Abstract
Purpose Respiratory motion during positron emission tomography
(PET) scans can be a major detriment to image quality in oncological
imaging, leading to loss of quantification accuracy and false negative
findings. The impact of motion on lesion quantification and
detectability can be assessed using anthropomorphic phantoms with
realistic anatomy representation and motion modelling. In this work we
design and build such a phantom, with careful consideration of system
requirements and detailed force analysis.
Methods: We start from a previously-developed
anatomically-accurate shell of a human torso and add elastic lungs with
a highly controllable actuation mechanism which replicates the physics
of breathing. The space outside the lungs is filled with a radioactive
water solution. To maintain anatomical accuracy in the torso and
realistic gamma ray attenuation, all motion mechanisms and actuators are
positioned outside of the phantom compartment. The actuation mechanism
can produce a plethora of custom respiratory waveforms with breathing
rates up to 25 breaths per minute and tidal volumes up to 1200mL.
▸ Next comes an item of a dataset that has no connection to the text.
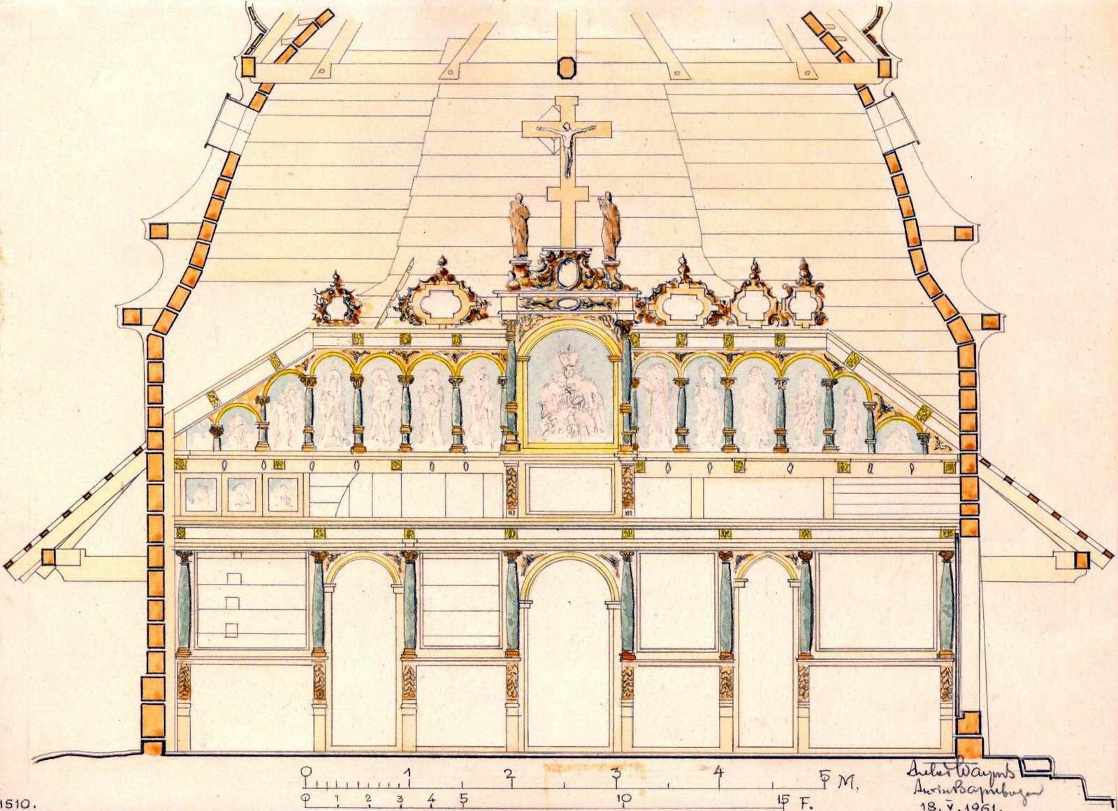 1510 Church, Ulyuch (Uljucz), Sanok, Poland. Cross section “5-6” showing the iconostasis.

Results: Several tests were performed to validate the
performance of the phantom assembly, in which the phantom was filled
with water and given respiratory waveforms to execute. All parts
demonstrated nominal performance. Force requirements were not exceeded
and no leaks were detected, although continued use of the phantom is
required to evaluate wear. The respiratory motion was determined to be
within a reasonable realistic range.
Conclusions: The full mechanical design is described in this
paper, as well as a software application with graphical user interface
which was developed to plan and visualize respiratory patterns. Both are
available open source and linked in this paper. The developed phantom
will facilitate future work in evaluating the impact of respiratory
motion on lesion quantification and detectability.